The announcement was made during a plenary session at the Colloquium in Keystone, Colorado, USA, which focused on using evidence to deal with emergent global issues. In this session I made reference to the Gettysburg address; but what does Abraham Lincoln’s short but influential and widely quoted speech (delivered a few months after the decisive battle of Gettysburg of 1863, during the American Civil War) have in common with The Cochrane Collaboration or The Cochrane Library? The iconic speech pronounced that the founding principle enshrined in the Declaration of Independence – that "all men are created equal" – was worth fighting for, and that "government of the people, by the people, for the people, shall not perish from the earth" [2]. Just as participatory democracy faces the challenge of ensuring inclusiveness, The Cochrane Collaboration faces the challenge of ensuring that this evidence is accessible to all people, particularly those living in low-income countries with a disproportionate burden of disease and who are most in need of this evidence, yet who have competing priorities for their limited resources.

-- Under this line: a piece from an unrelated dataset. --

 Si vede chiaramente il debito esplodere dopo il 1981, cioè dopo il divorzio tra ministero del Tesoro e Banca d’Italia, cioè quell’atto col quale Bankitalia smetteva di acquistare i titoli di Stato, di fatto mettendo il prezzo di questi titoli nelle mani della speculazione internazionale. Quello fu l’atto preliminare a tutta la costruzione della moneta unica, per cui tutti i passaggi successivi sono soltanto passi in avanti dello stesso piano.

In addition to low-income countries granted free access to The Cochrane Library (including free access for a limited period in Pakistan, following the recent floods, and in countries affected by recent earthquakes and the 2004 Asian tsunami), a number of middle- and high-income countries have provisions funded by governments or other agencies that ensure that all their residents have free access to reliable evidence. These investments are examples of responsible leadership in health care. However, there are many other regions of the world that are not covered by any of these initiatives, where barriers to access include the absence of local-language translations of relevant portions of Cochrane Reviews and other resources.

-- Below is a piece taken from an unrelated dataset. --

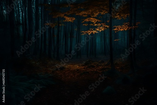 © Osama, Naklejka premium A realistic, eerie, and scary woodland at night

The reference to Lincoln's speech in the plenary session also attempted to demonstrate that the principles underpinning the efforts of The Cochrane Collaboration in preparing, maintaining and disseminating reliable, independent, and up-to-date evidence on the effects of interventions in health care follow the same lofty goals enumerated by Abraham Lincoln for participatory governance. The Cochrane Collaboration’s founding principles include collaboration and teamwork; building on the enthusiasm of others by involving and supporting people of different skills and backgrounds; striving for relevance by encouraging the evaluation of the efficacy and safety of interventions; using outcomes deemed important by people making choices about their health care; encouraging diversity; and reducing barriers to wide participation. The 4000+ systematic reviews in The Cochrane Library are prepared by more than 28,000 volunteers, who increasingly come from low- and middle-income countries. The entities in The Cochrane Collaboration include a growing number of healthcare consumers who provide training to other consumers in framing questions that research can answer, and who offer a consumer perspective on the relevance of review questions, choice of outcomes, balance of benefits and harms, and who help prepare simple summaries of the key messages in the reviews. The Cochrane Library now also includes special collections of systematic reviews on the effectiveness of interventions following major disasters, to guide effective planning and delivery of health care through the recent Evidence Aid initiative (Tharyan 2005). Evidence in The Cochrane Library can be thus considered to be of the people, by the people, and for the people.

Martin Luther King, Jr also referenced the Gettysburg address in his "I have a dream" speech at the Washington DC Civil Rights March [3]. The Cochrane Collaboration started as a dream and is now a vibrant testament that with collaborative partnerships, rigorous scientific methods and a principled approach, evidence of, for, and by the people can indeed be a reality.